“要返璞歸真只有兩種方式,一種是解開惡魔化,走常態唯心,一種是將惡魔化變成唯心的一種狀態,徹底掌握,你覺得對面是什么?”馬爾凱幽幽的說道,菲利波沒開口,毫無疑問的講,在場三個人都認為張任是后者。
“好歹見識到了正確的方向,他能做到,我也能!”菲利波深吸了一口氣,并沒有被這種壓力壓垮,反倒變得更為執著。
另一邊張任完全不知道自己隨便搞了一個天使影像,到底給對面帶來了什么奇奇怪怪的東西,更重要的是對方自然而然的認為張任走的就是這么一條正確的路線,實際上張任自己都不知道自己走了這條路,我難道不是瞎搞了這么一招嗎?
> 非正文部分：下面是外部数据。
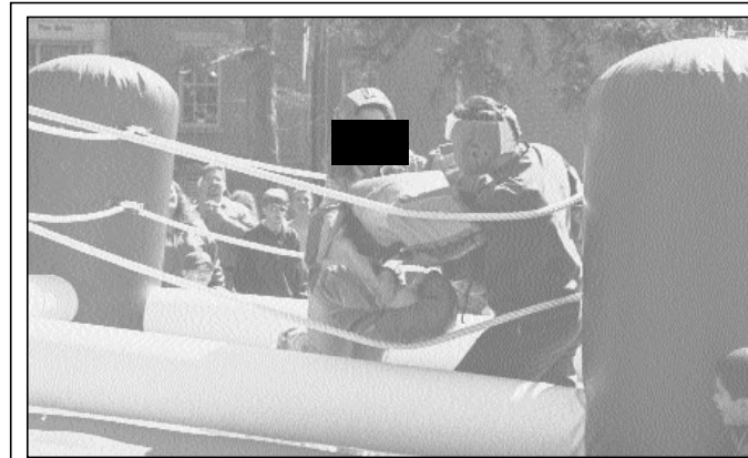
The Saxon boxing team did well at last week's inflatable tournament held at St. Bonaventure. Here, an AU boxer puts a member of the University of Rochester team on the ropes. The AU boxer would score a technical knockout later in the round.

With any luck, they may return two weeks from now with first place in their possession. □

“公偉接下來怎么辦?還打嗎?”王累深吸了一口氣傳音給張任說道,“雖說戰損還沒有統計出來,但我們估計損失了四千多人,雖說主要是武裝基督徒,但我們的總兵力已經下降到了兩萬五千左右,而對方的兵力再一次恢復到了五萬以上,更重要的是……”
“我倒是想走,可對面不給面子啊,做好準備吧,用我的特效。”張任幽幽的說道。
面前這個局勢,張任已經有些不想打了,第三鷹旗很難啃,第四鷹旗軍團也不是吃素的,第十二鷹旗沒見出手,但馬爾凱的表現已經能說明很多問題了,只有第六鷹旗軍團相對偏弱,可是在這種情況下,形勢已經明顯不由張任控制。
“好。”王累點了點頭,從夕陽西下,干到月上中天,王累的精神已經恢復了不少。
“對面的羅馬軍團,今天就到此結束如何?”張任試圖挽回一下局勢,要打還能打,但張任為人謹慎持重,能不拼命,還是不要拼命的好,他可以消耗白撿的輔兵,但他需要為奧姆扎達,鄧賢等人負責。
“你覺得可能嗎?”馬爾凱攔住想要說話的阿弗里卡納斯,平靜的開口說道,說實話,他也不想打,但是阿弗里卡納斯說張任你還有一個終極模式,馬爾凱想要看看,對方到底有多強。
“這就很無奈了,果然戰爭開啟之后,誰都沒有控制的余力。”張任嘆了口氣說道,將胸口的箭矢薅掉,一根針劑推入體內,迅速的恢復了巔峰,“那就打吧,希望你不要后悔。”
張任的聲音就這么戛然而止,馬爾凱在瞬間感覺到了不對,然后猛地抬頭,原本烏云密布的飄雪之夜,驟然散去,西北弦月,群星閃耀,羅馬軍團長,不管是蠻子,還是公民皆是抬頭望向夜空。
星耀璀璨無比,結合自星象學,根本不需要特殊的秘法,只需要加強某些星光的強度即可,這一刻來自中原文明觀測的三垣二十八宿自然的將星輝散落了下來。
沒有什么特殊壓抑的感覺,但戰場卻逐漸的失去了聲音,畢竟這世間最震撼之物,永遠都有這頭頂永恒長存的群星。
“以孤之名,敕令,星輝絕對的庇護。”張任的聲音在這一刻帶上了三分的寒意,冰冷的傳遞了出去,而后兩條大天命自然的解綁,群星光耀,細碎的銀輝散向漢室的士卒。